People and the Cost of Focus
The most overlooked ERP cost is the cost of focus. It’s the cost of replacing your “A-Team” while they are focused on the project.
Assigning people to an ERP project without backfilling their roles creates an unwinnable conflict between today’s urgent and tomorrow’s important. This problem cannot be solved by asking people to work harder; it requires a budget line item.
Significant capital must fund interim support, contractors, or temporary promotions to free your best people for the transformation.
| Key Role | Annual Salary | Allocation to Project | Annualized Backfill Cost |
|---|---|---|---|
| Director - Supply Chain | $220,000 | 50% | $110,000 |
| Senior Financial Analyst | $130,000 | 75% | $97,500 |
| IT Security Manager | $165,000 | 25% | $41,250 |
| Total Annual Cost of Focus | $248,750 |
Cord 2 – Processes: How Work Gets Done
The second cord of capability is Processes, the formal and informal ways your people work together to transform resources into completed work.

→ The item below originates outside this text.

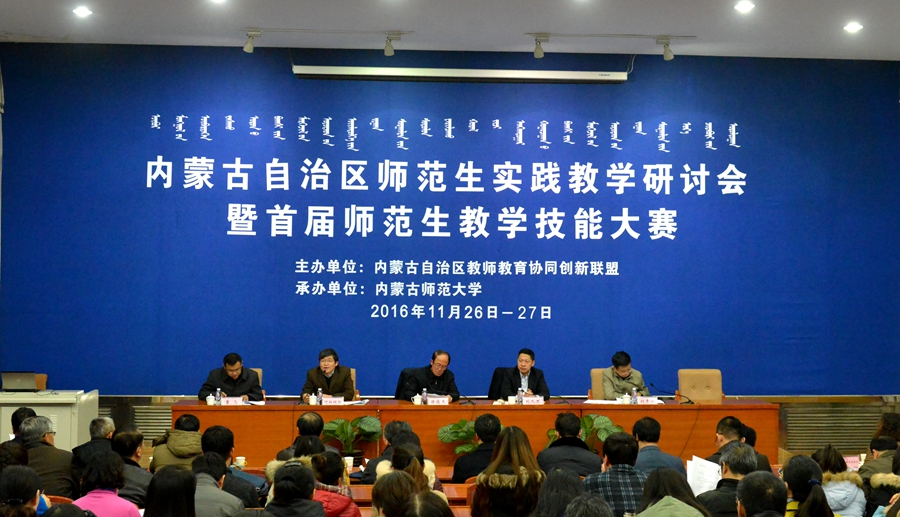 2016年11月26日,由内蒙古自治区教师教育协同创新联盟主办、内蒙古师范大学承办、北京师范大学出版社、高等教育出版社和中教启星科技股份有限公司协办的内蒙古自治区师范生实践教学研讨会在内蒙古师范大学举行,全区具有师范类专业的8所院校领导、专家及参加自治区首届师范生教学技能大赛的领队、指导教师和参赛选手共400余人参加本次会议,365英国上市公司副院长阿拉坦仓教授和额尔敦布和教授参加研讨会,阿拉坦仓教授主持开幕式。

Insight #1 - Business Process Maturity Matters
The Capability Maturity Mode (CMM) is a continuum that describes how an organization’s processes evolve through five defined levels of maturity. Not every process will be at the same level of maturity.

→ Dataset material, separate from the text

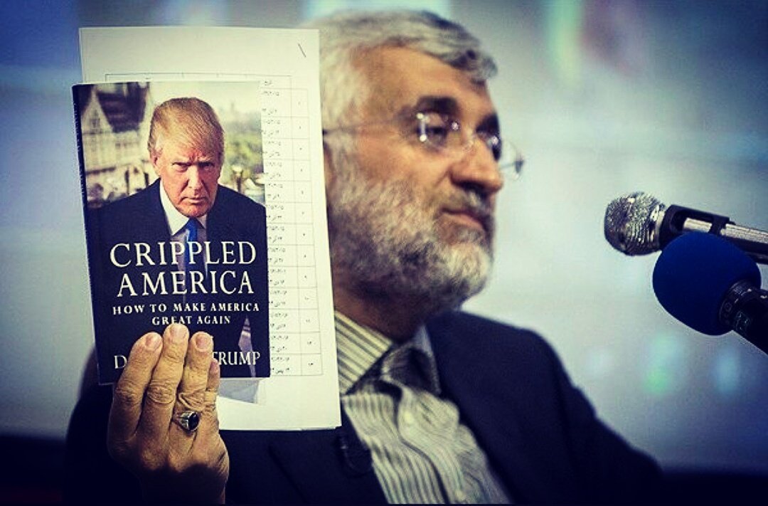 استفادهی او از کلمه آمریکای فلج، اشاره به نام کتابی از خود ترامپ دارد که ۸ سال پیش منتشر شده است. سعید جلیلی ۴ سال پیش در رابطه با این کتاب گفته بود: ترامپ ۴ سال پیش کتابی به نام «آمریکای افلیج» نوشت و در آن اذعان کرد رژیم آمریکا مفلوک است. اگر طبق تعبیر ترامپ، ساختار و بدنه رژیم آمریکا فلج بود؛ امروز مغز آن نیز دچار مشکل شده و حماقتهای ترامپ ناقوس اضمحلال رژیم افلیج آمریکا را به صدا درآورده است.

ERP implementations force organizations to at least level 3. If you’re not there, getting there represents a specific set of implementation challenges. If you are at level 3 or above, the challenges of ERP implementations will be different.

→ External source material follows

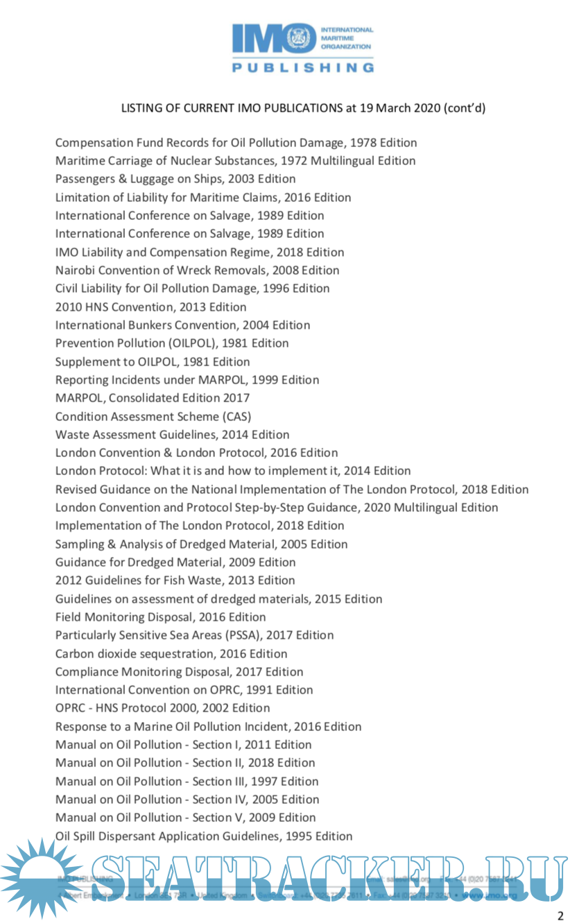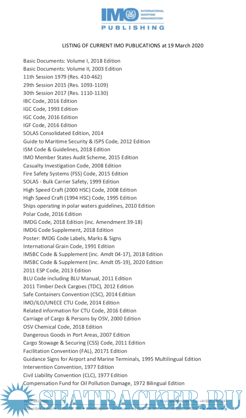 Description: Listing of current IMO publications at 19 march 2020, no more

Implementation Challeges at 1 and 2
- Ad hoc, inconsistent processes
- Siloed operations and conflicting priorities
- Weak governance and reactive decisions
- Poor data quality and ownership gaps
- Low process discipline, no baselines
- Cultural resistance to control
- Late or missing change management
Implementation Challeges at 3, 4 and 5
- Over-standardized and rigid processes
- Local vs. global optimization conflicts
- Decision gridlock from over-governance
- Integration complexity with mature systems
- Metric saturation and unclear ROI
- Expert resistance to ERP standards
- Continuous improvement fatigue
- Innovation slowed by control culture
Insight #2 - Methodologies Don't Work
Every implementation partner has a polished methodology—a map to success. The methodology is a necessary container for the work. But methodologies don’t do the work.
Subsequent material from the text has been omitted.